Imagine you are working as a data scientist with a corporate business. The business has given you a data set, consisting of historical (X) where right answer i.e. output variable (Y) is also provided for each example or case. Your job is to use this data as training set and build a model which could predict output value (Y) of a given case in future. Eventally, the business will your model to make better decisions on new (business) cases.
Like any data scientist, your first and foremost step would be preprocessing and exploratory analysis of the data. This would allow you to handle missing values, transform features and understand their relationship among themselves and to the output (Y) variable. Consequently, you could select a good set of candidate features to build model upon.
Let us imagine, the output variable is real-valued. Therefore you made a decision to treat it as regression problem (supervised learning) - as right answers are known and the output variable is real-valued. Remember, linear regression is a simple but still powerful and easy to understand model.
By now the data has been preprocessed, features are selected and linear regression is the target model. Now is the time to split the data set into training set and test set. For instance, you may split data as training set: 80% and test set: 20% of preprocessed data. Using training set, you would learn the hypothesis H(X) by minimizing the cost function J(Q).
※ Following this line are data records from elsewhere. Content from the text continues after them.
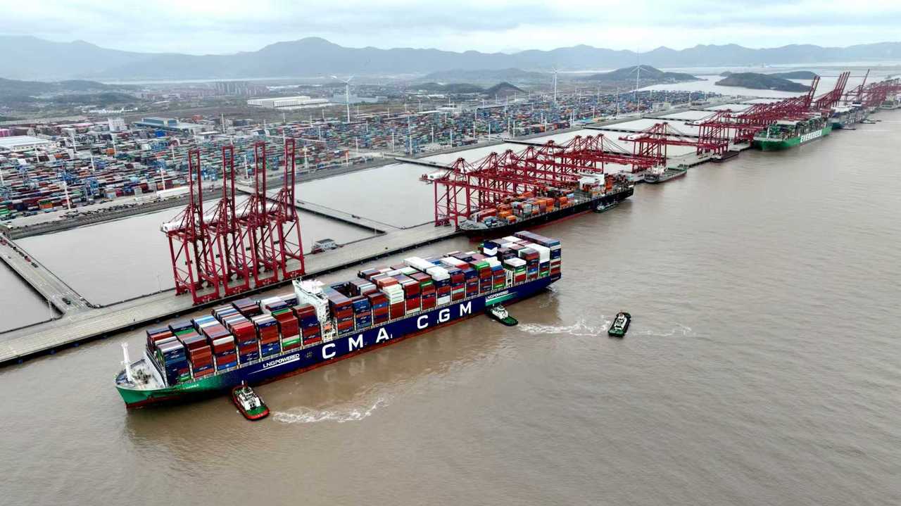2025年,梅山港区吞吐量再创新高。“2025年,梅山港区集装箱吞吐量累计1319万标准箱,同比增长17.9%。”宁波梅东集装箱码头有限公司相关负责人说。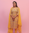 - Pink kurta with white, yellow, and pink bandhani patterns; White palazzo with multicolor geometric print; pink and white dupatta
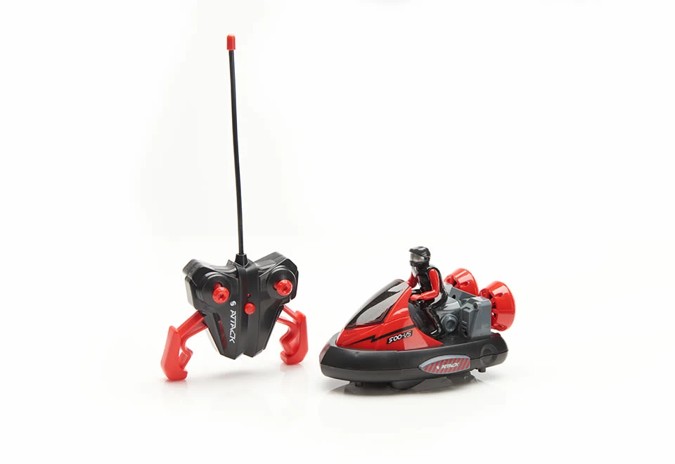 RC Bumper Cars is the two-player game that requires drivers to bump into their opponent’s crash sensor. A direct hit ejects the opponent with exciting sound effects.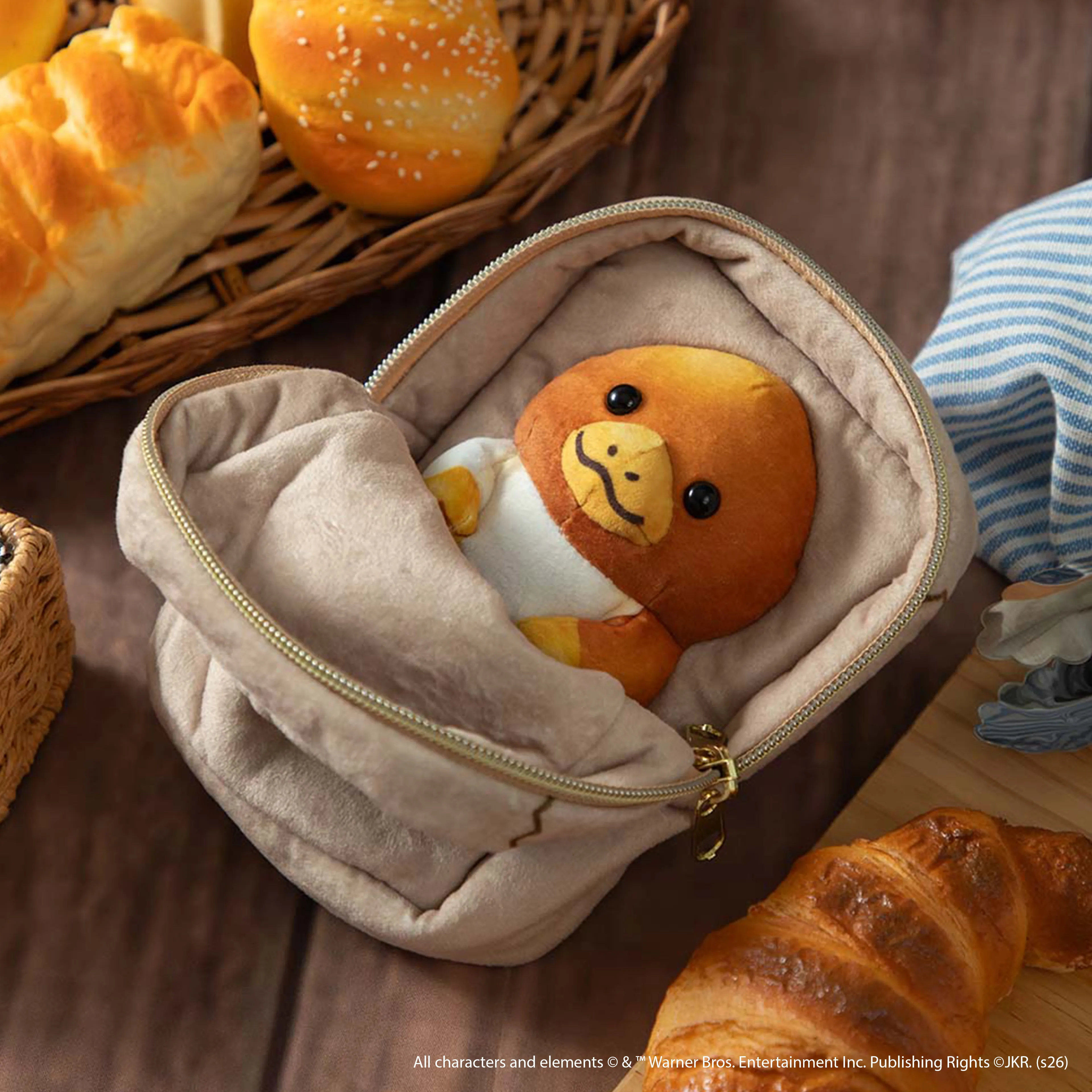 以怪獸電影系列為靈感的Kowalski烘焙店系列,推出多款可愛周邊。其中這款正面仿照烘焙店紙袋設計,翻轉即彈出超萌的Baby Niffler麵包公仔。
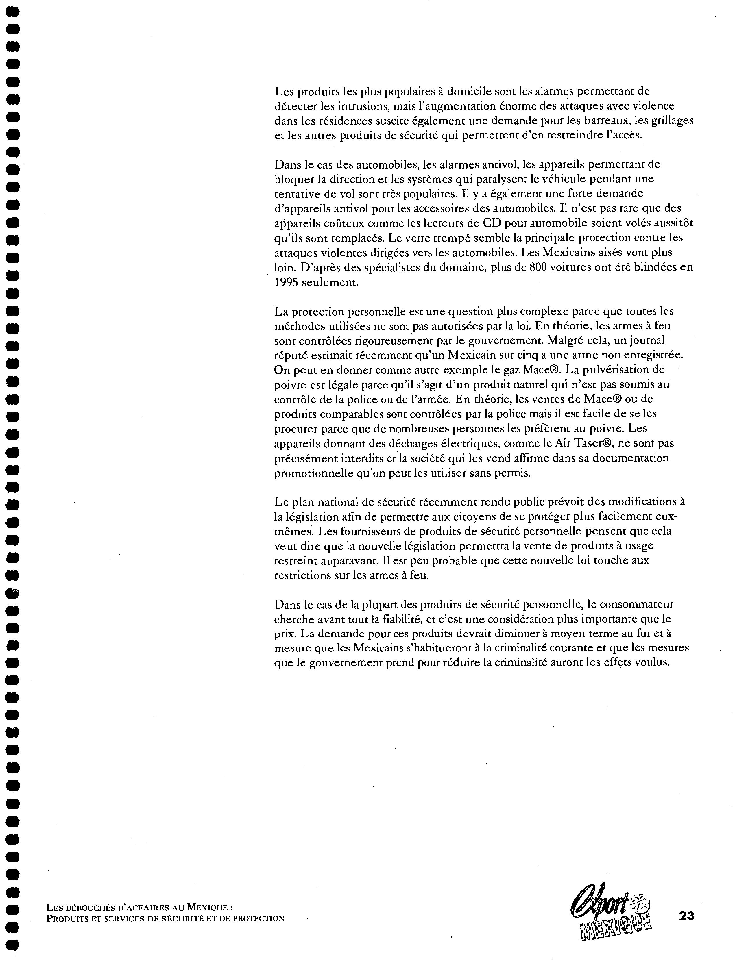 Les débouchés d'affaires au Mexique : produits et services de sécurité et de protection. - Adresse bibliographique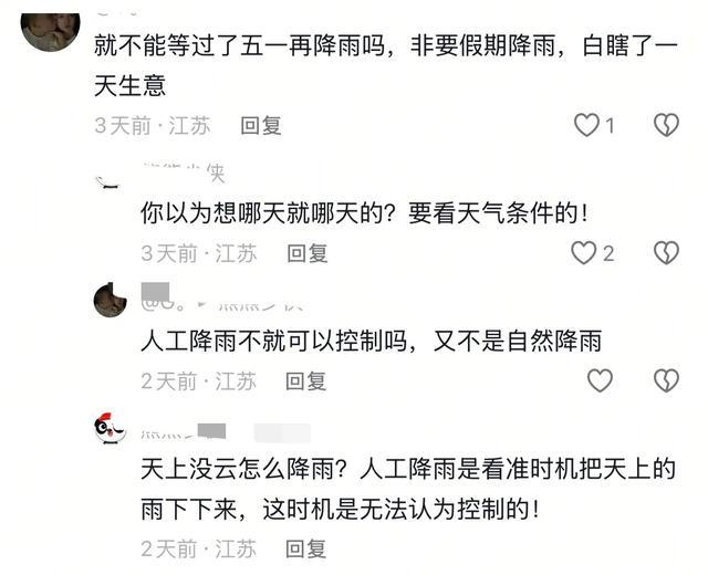 有些网友抱怨说雨水降得不是时候,这人工增雨必须借助自然有机条件才可以作业,它不是龙王,嘴巴一张,雨水就哗哗下!

You may use gradient descent to minimize cost function J over model parameters Q.
Once cost function has been minimized and optimal set of parameters Q (of hypothesis) has been learned, next comes the most critical step of hypothesis evaluation. This is done by feeding test set examples to learned hypothesis. The hypothesis will predict output value (Ypredict) for each test case example. Then, you will calculate the test error (based on predicted and actual values of test set examples) and compare it with training error. This may lead to one of three possible scenarios; a) if both training and test error are high, this would mean our learning algorithm is suffering from high bias (underfitting), b) low training error and high test error would be a sign of high variance (overfitting), and c) just perfect scenario - low training and test error.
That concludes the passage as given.